Poster – Frozen Feet at Grape Creek
$29.95
Retired Disney artist, Ed French, draws you in, through color and the emotion of his visual story telling. Do you feel the cold creeping in around your collar and up into your feet? Soon your toes will become numb. A bad sign, in the wilderness, when all you have is your feet to carry you to the next destination.
Description
The Art
Created on 4/16/18, this beautiful depiction of Horn Peak, Grape Creek, and the Sangre de Cristo Mountains, really captures “What Pike Saw” and the agony they suffered January 17 – 26 1807. 10 of 17 of Pike’s men suffered frostbite in the Wet Mountain Valley, Colorado, while crossing Grape Creek. Three had frostbitten toes so bad that they were unable to continue with the others over Medano Pass. They were rescued later. The triangular mountain is Horn Peak. The creek flowing east to west beside the men caring for each other is Grape Creek.
- Medium: Ink
- Surface: Card Stock
- Size: 11″ x 14″
- 1 poster
The Artist
Ed French is a retired Disney artist, who has brought his enormous talent to depict extraordinary moments in American history, through the eyes of Zebulon Pike.
The Setting
Pike’s Journal – Saturday, January 17, 1807 “… and the woods appeared to be no great distance, I thought proper to march for it; in the middle of said prairie, crossed the creek (Grape Creek), which then bore east.
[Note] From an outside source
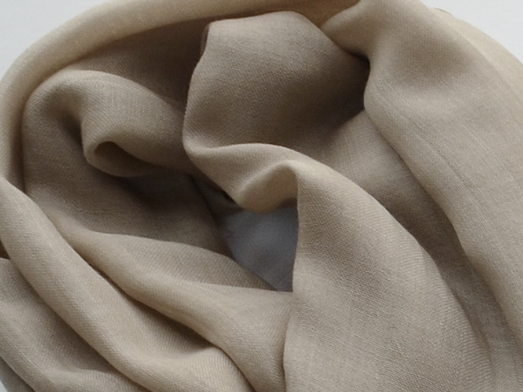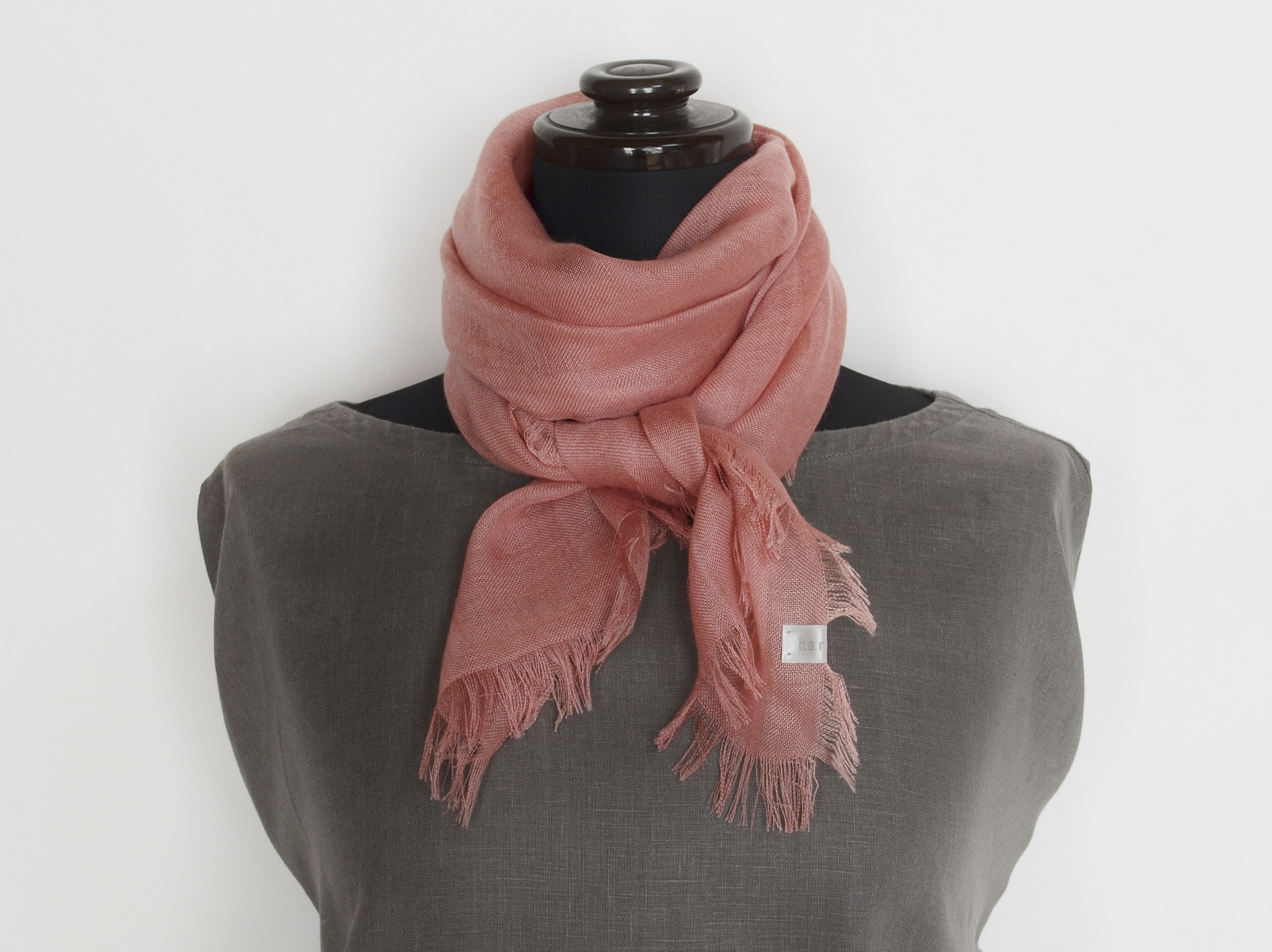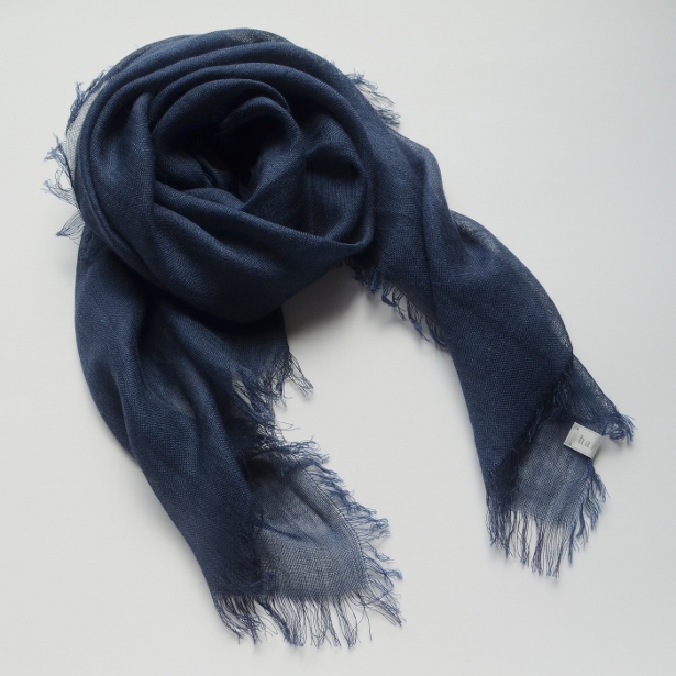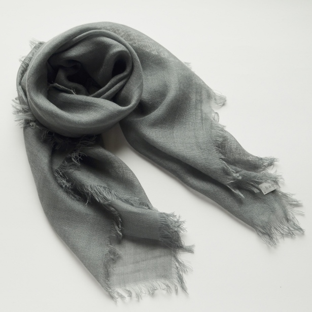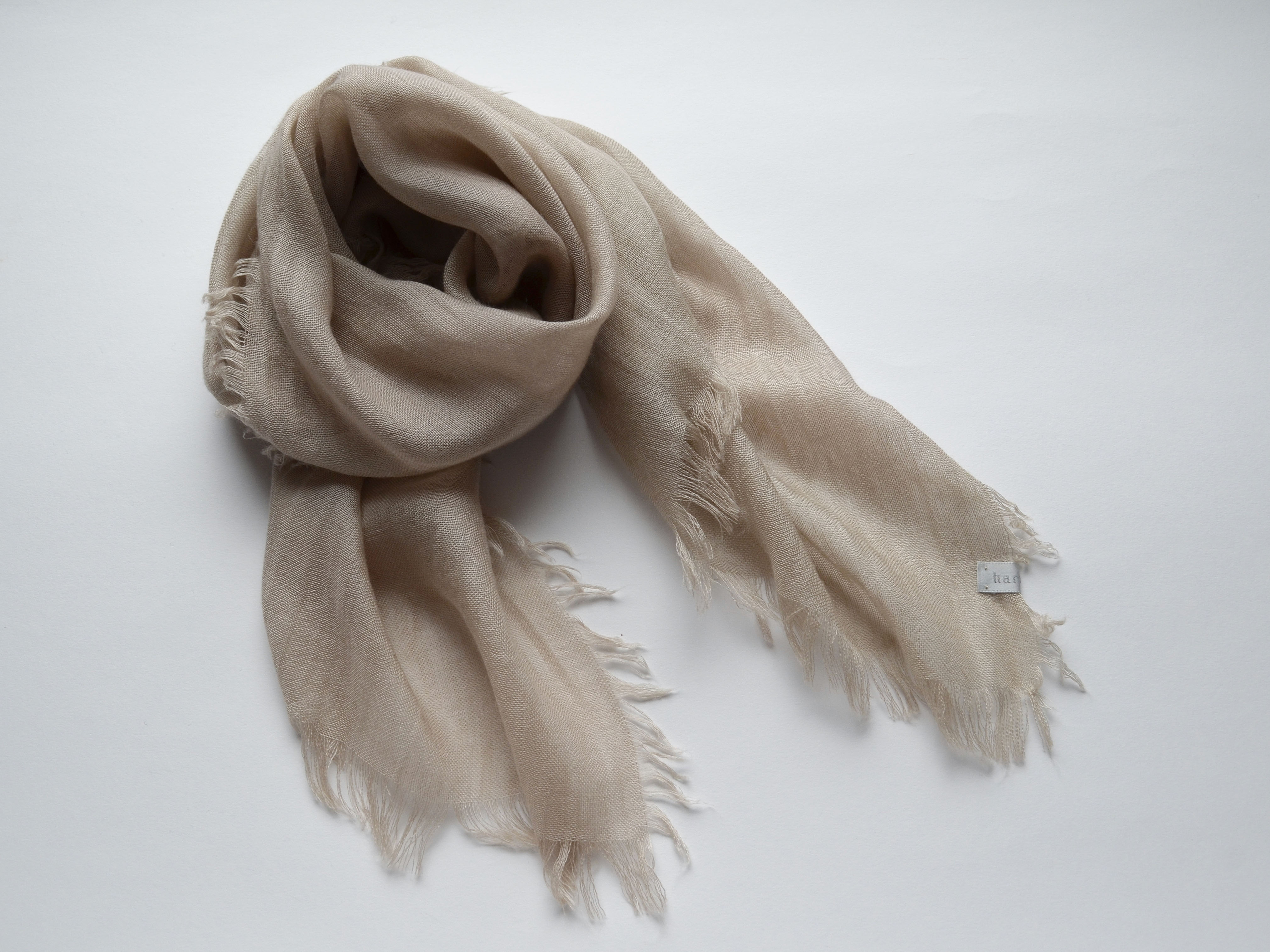 海外で生産されることの多いストールですが、この製品は糸作りからの日本生産。 輸入した原料をまず長崎で糸にし、次に浜松で糊づけ、そして東京八王子で織って、染色は山梨は富士の麓で。 その後東京に戻って、最後は世田谷のわが社で一枚ずつ丁寧に仕上げます。

Here we all got our feet wet. The night commenced extremely cold. When we halted at the woods 8 o’clock, for encampment; after getting fires made. We discovered the feet of nine of our men were frozen, and add to the misfortune, of both of those whom we called hunters among the number. This night you had no provision. Reaumer’s thermometer stood at 18 1-2 below 0 (12 below Fahrenheit).”
Pike and 17 of his men were now at the foot of Horn Peak in the Sangre de Cristo Mountains, southwest of present-day Silver Cliff / Westcliffe, Colorado.
January 22nd: “We parted, but not without tears. We pursued our march, taking merely sufficient provisions for one meal in order to leave as much as possible for the two poor fellows.”